I'm adding myself to the list. I run several websites without issues, but on my Nextcloud instance php-fpm crashes randomly.

php -v
PHP 8.1.9 (cli) (built: Aug  2 2022 13:02:24) (NTS gcc x86_64)
Copyright (c) The PHP Group
Zend Engine v4.1.9, Copyright (c) Zend Technologies
    with Zend OPcache v8.1.9, Copyright (c), by Zend Technologies

                Stack trace of thread 9677:
                #0  0x00007f94c951d13c zend_accel_inheritance_cache_get (opcache.so + 0x2113c)
                #1  0x00005603fda841f2 zend_do_link_class (php-fpm + 0x4841f2)
                #2  0x00005603fd9c91cf zend_bind_class_in_slot (php-fpm + 0x3c91cf)
                #3  0x00005603fd9c925d do_bind_class (php-fpm + 0x3c925d)
                #4  0x00005603fda22ac9 ZEND_DECLARE_CLASS_SPEC_CONST_HANDLER (php-fpm + 0x422ac9)
                #5  0x00005603fda5547d execute_ex (php-fpm + 0x45547d)
                #6  0x00005603fd9e07dc zend_call_function (php-fpm + 0x3e07dc)
                #7  0x00005603fd9e0bad zend_call_known_function (php-fpm + 0x3e0bad)
                #8  0x00005603fd8eb26a spl_perform_autoload (php-fpm + 0x2eb26a)
                #9  0x00005603fd9dfae1 zend_lookup_class_ex (php-fpm + 0x3dfae1)
                #10 0x00005603fda05791 is_a_impl (php-fpm + 0x405791)
                #11 0x00005603fda5cbd9 execute_ex (php-fpm + 0x45cbd9)
                #12 0x00005603fd9e07dc zend_call_function (php-fpm + 0x3e07dc)
                #13 0x00005603fd91d835 zif_call_user_func (php-fpm + 0x31d835)
                #14 0x00005603fda5cbd9 execute_ex (php-fpm + 0x45cbd9)
                #15 0x00005603fd9e07dc zend_call_function (php-fpm + 0x3e07dc)
                #16 0x00005603fd91d835 zif_call_user_func (php-fpm + 0x31d835)
                #17 0x00005603fda5cbd9 execute_ex (php-fpm + 0x45cbd9)
                #18 0x00005603fda5f0b9 zend_execute (php-fpm + 0x45f0b9)
                #19 0x00005603fd9eeeb0 zend_execute_scripts (php-fpm + 0x3eeeb0)
                #20 0x00005603fd989e5a php_execute_script (php-fpm + 0x389e5a)
                #21 0x00005603fd83e27d main (php-fpm + 0x23e27d)
                #22 0x00007f94c9a29550 __libc_start_call_main (libc.so.6 + 0x29550)
                #23 0x00007f94c9a29609 __libc_start_main@@GLIBC_2.34 (libc.so.6 + 0x29609)
                #24 0x00005603fd83efd5 _start (php-fpm + 0x23efd5)
                ELF object binary architecture: AMD x86-64

[nikserg]

Probably similar problem.

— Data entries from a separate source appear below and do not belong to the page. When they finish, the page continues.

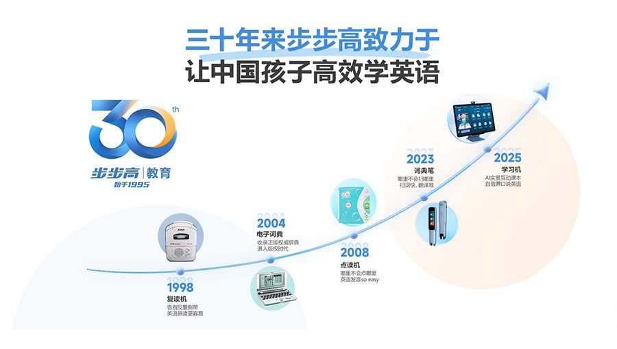 歷經30年發(fā)展,“步步高”品牌先后推出了復讀機、點讀機、學習機、家教機、智能學習平板、詞典筆等經典產品,深受家長和學生認可,是中國電教行業(yè)領先品牌。
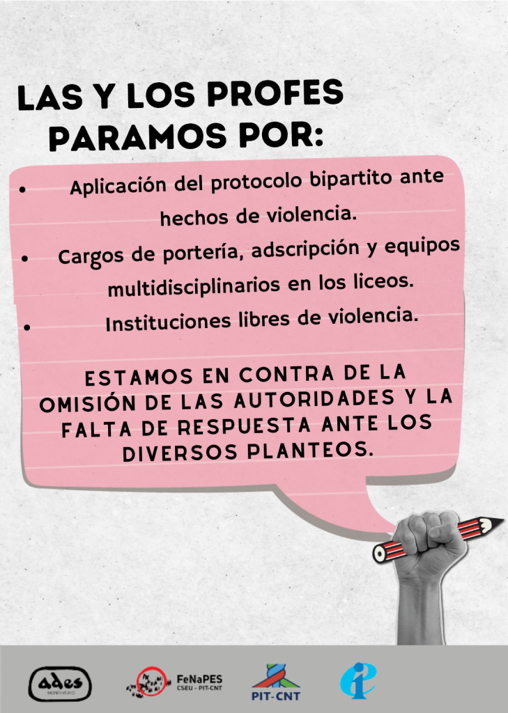 Hemos reclamado la presencia de inspecciones en los liceos para abordar estas situaciones e intentar prevenirlas de manera conjunta, cosa que no ha sucedido. Las autoridades desconocen la organización sindical y a los colectivos docentes en general que en salas y coordinaciones docentes plantean las mismas preocupaciones. En este sentido, se le solicitó a la DGES una instancia inmediata de trabajo sobre el tema; y al CODICEN de la ANEP una mesa de trabajo interinstitucional que nos incluya, pero donde también incluir a otros actores como ser referentes, académicos, familias. La respuesta ha sido omisa, recién luego de definir el paro de mañana las autoridades convocan a una primera instancia bipartita con el CODICEN.
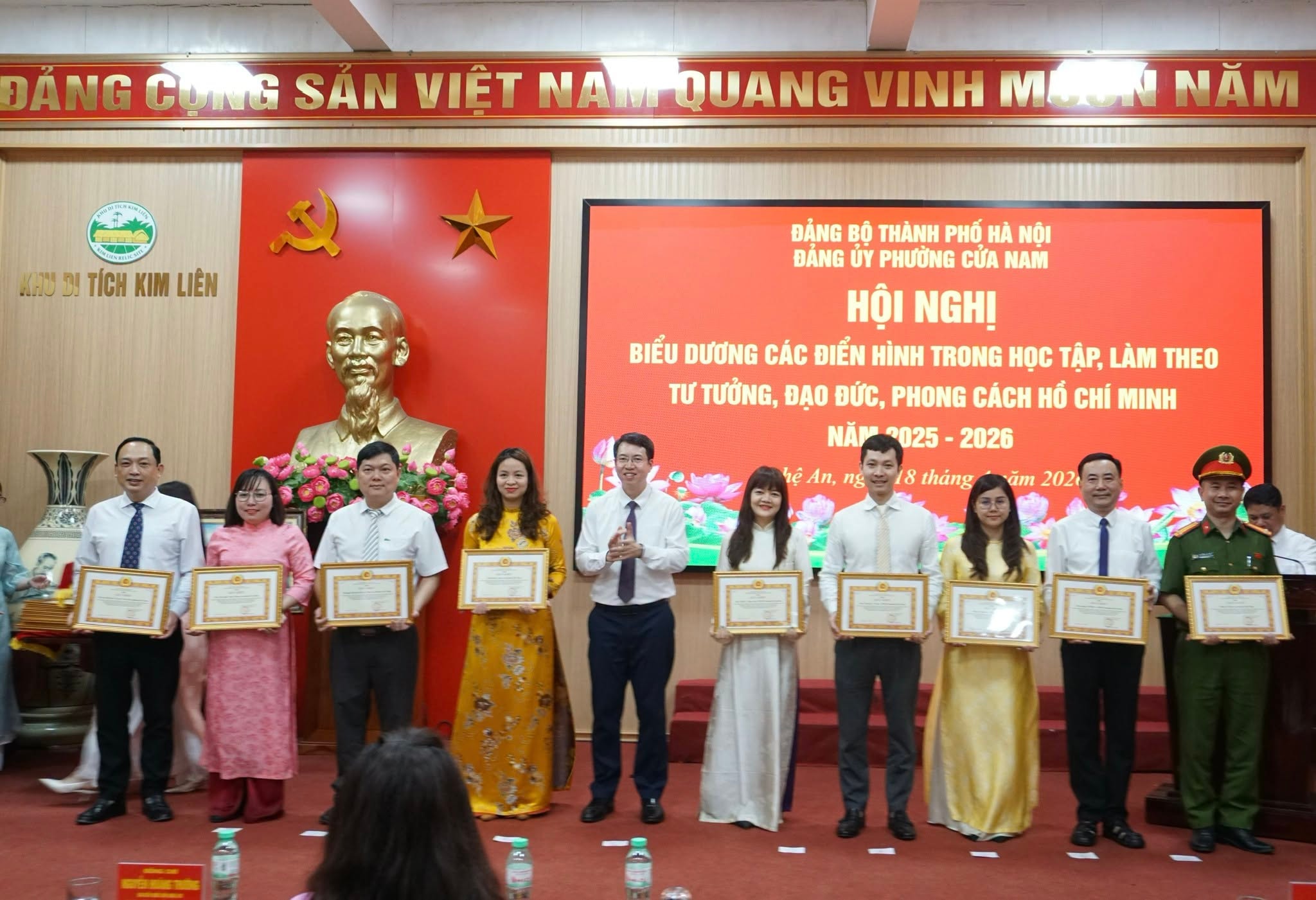 Phường Cửa Nam khen thưởng các tập thể, cá nhân tiêu biểu trong học tập và làm theo tư tưởng, đạo đức, phong cách Hồ Chí Minh năm 2025 - 2026. Ảnh: CN
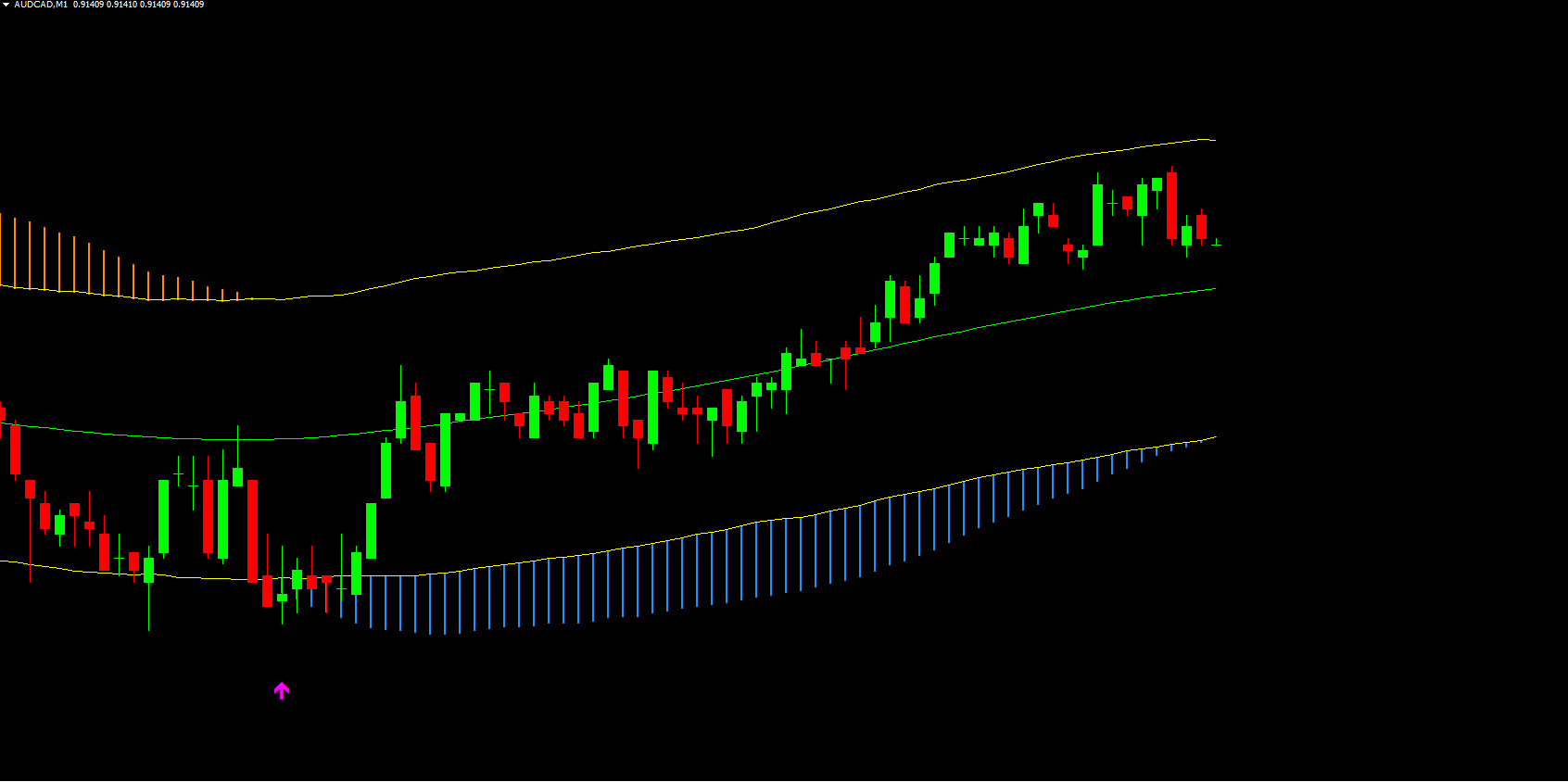 Bullish Trend: Dodger blue histogram bars appear while the bands slope upward
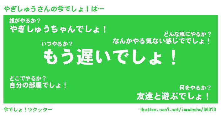 | 男性向けラノベタイトル風あだ名 | 『やぎしゅうの憂鬱』 |
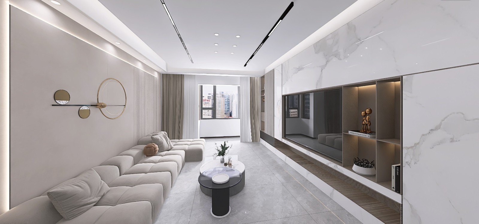 巖板電視背景墻+木飾面沙發(fā)背景墻+無主燈吊頂
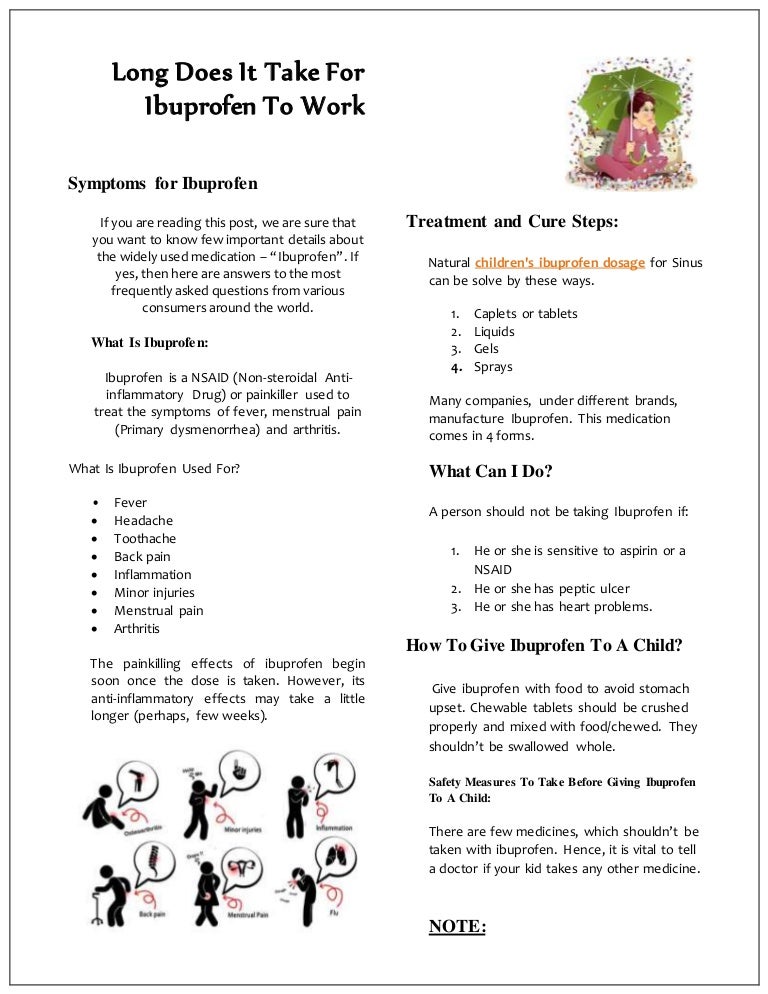 How Long Does It Take For Ibuprofen : For those reasons, ibuprofen usually stays in your system for only 24 hours.. Follow childrens dosing directions carefully to prevent harmful overdose effects. It has some side effects but doesnt cause this type of bleeding. Once its been determined that you can safely use ibuprofen, you must use it exactly as intended. This question can be especially important if youre taking a drug test and are worried about the medication being detected in your system. Hopefully, the information provided here told you a little more about this common pain medication and helped you answer the question of how long does ibuprofen stay in your system.
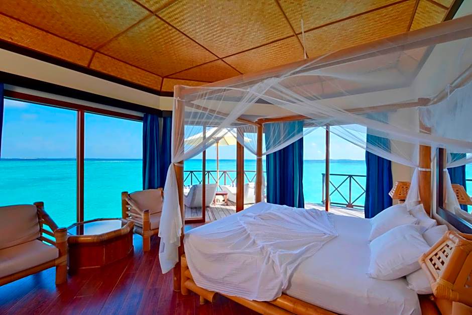 Spa/Wellness packages are available, and snorkeling or water sports facilities on site carry extra charges. Shuttle services and airport shuttle incur additional fees as well. Addressing shoreline access, there is private entrance and beachfront access with a terrace and patio, all situated in North Male' Atoll, Maldives.
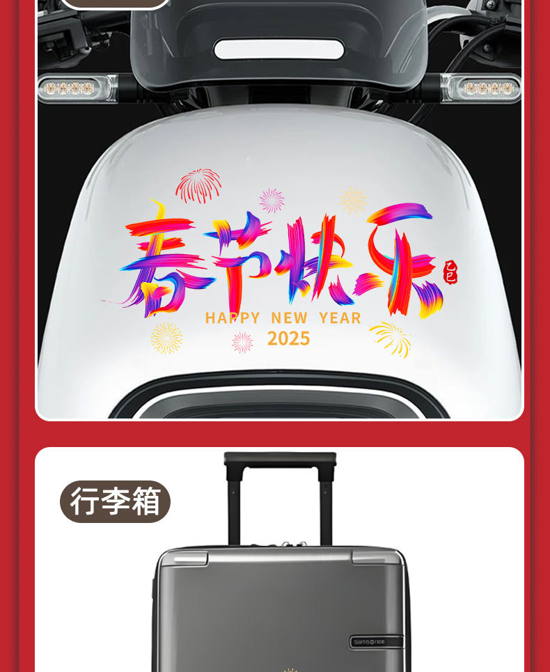 - Performance-Driven Design: Features festive ‘Happy New Year 2025’ and ‘Snake Year Great Fortune’ multi-color designs, enhancing your vehicle’s appearance for the holiday season.
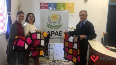 Pensando em aquecer os alunos cadeirantes da Associação de Pais e Amigos dos Excepcionais (APAE) de Criciúma, o Clube de Mães da Associação Feminina de Assistência Social de Criciúma (Afasc) da Coloninha Zilli, confeccionou quatro cobertores de crochê. A entrega foi realizada na última semana, o que provocou muita alegria tanto para a direção da APAE quanto para as participantes do serviço da Afasc.
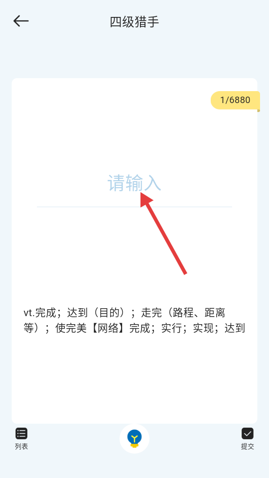 4、在答题页面,根据单词释义,在【请输入】框中输入对应的单词,完成单词挑战。
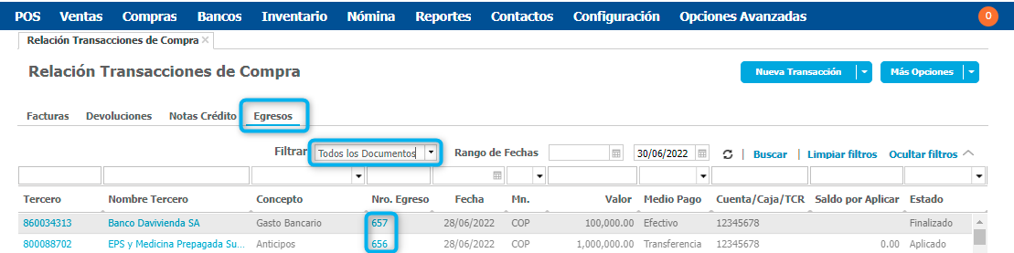 Cómo encontrar un documento generado desde el módulo de compras - Loggro Pymes
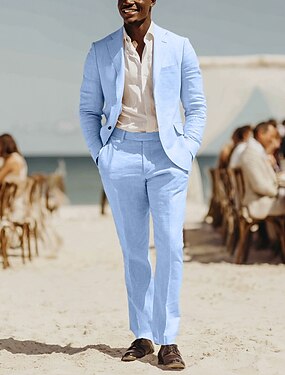 Pour des hommes Costumes en lin Mariage à la plage Occasionnel Bleu Ciel Vert Sauge Printemps, Automne, Hiver, Été Costume / Tailleur Revers Cranté Mode Quotidien Couleur Unie Coupe Standard 2 pièces
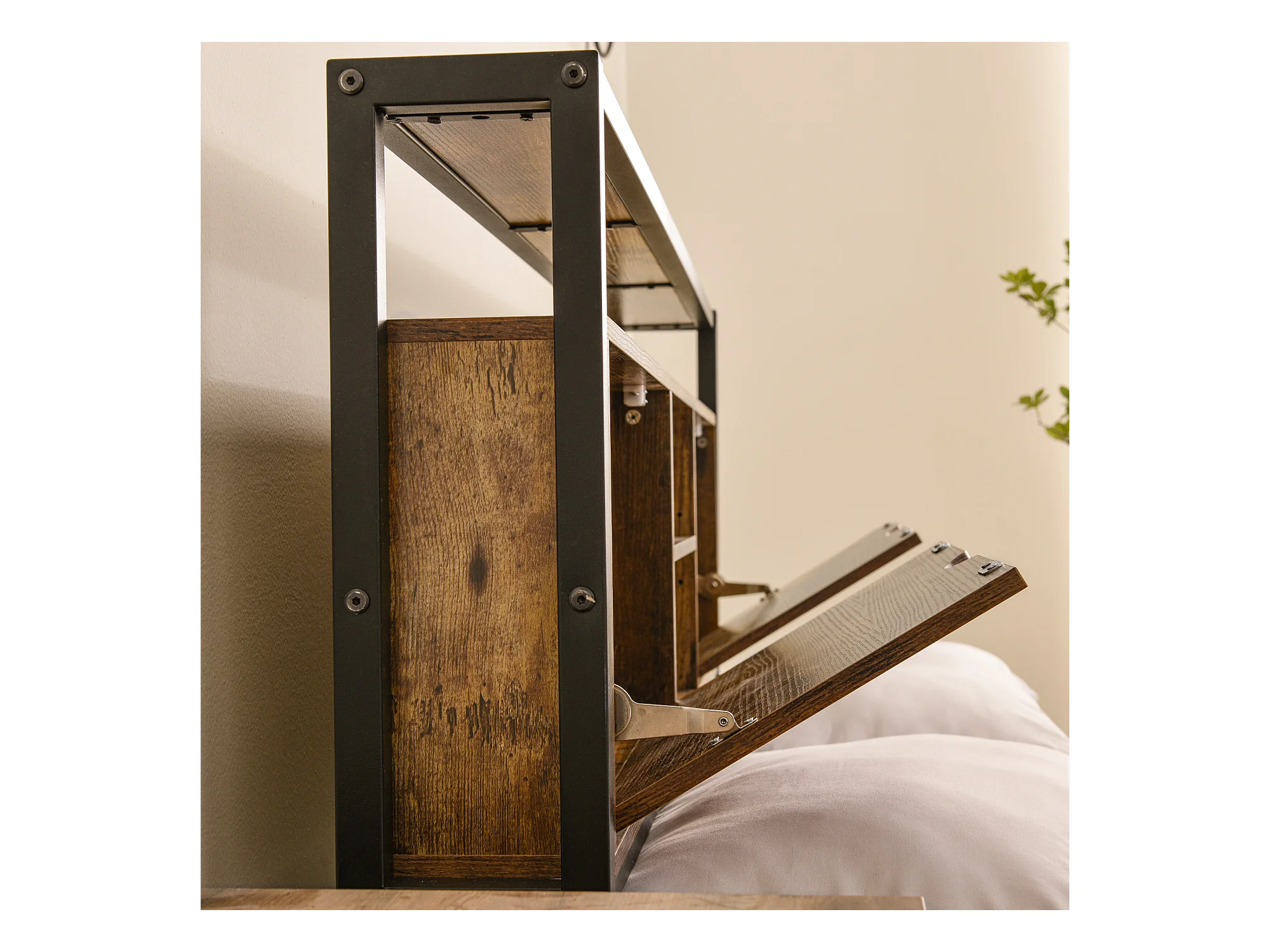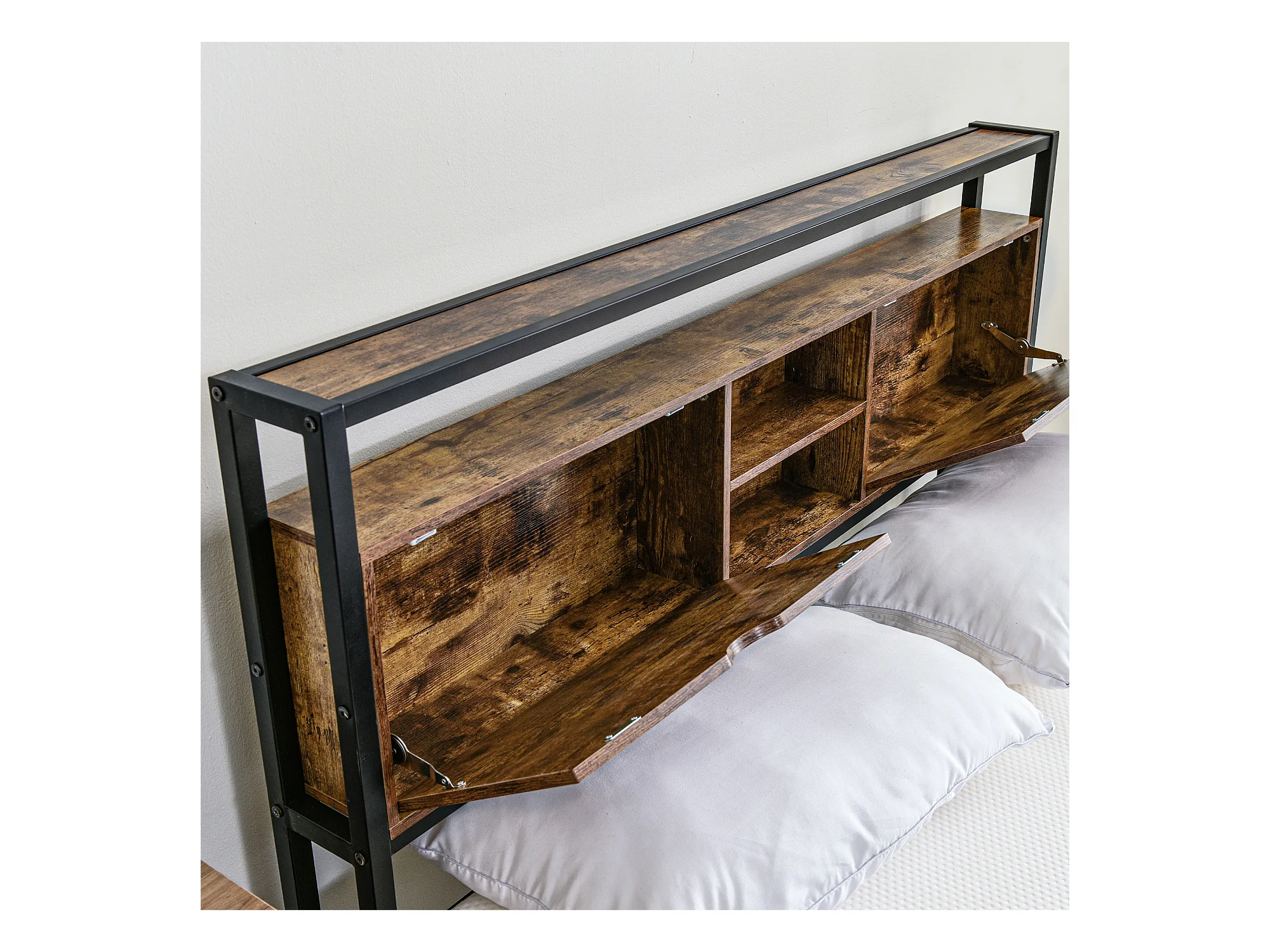 Lit en métal 140 x 200 cm avec tête de lit rangement - style industriel - noir

Repeated 502 on same page, which works fine on test and local servers.

From dmesg:

Aug 29 12:39:41 admin kernel: [363104.676254] traps: php-fpm8.1[41337] general protection fault ip:7f90c7c34cfc sp:7fffb6e946d0 error:0 in opcache.so[7f90c7c2f000+b5000]

PHP version:

php -v
PHP 8.1.9 (cli) (built: Aug 15 2022 09:39:52) (NTS)
Copyright (c) The PHP Group
Zend Engine v4.1.9, Copyright (c) Zend Technologies
    with Zend OPcache v8.1.9, Copyright (c), by Zend Technologies

Adding opcache.jit=0 in /etc/php/8.1/fpm/php.ini solves the problem.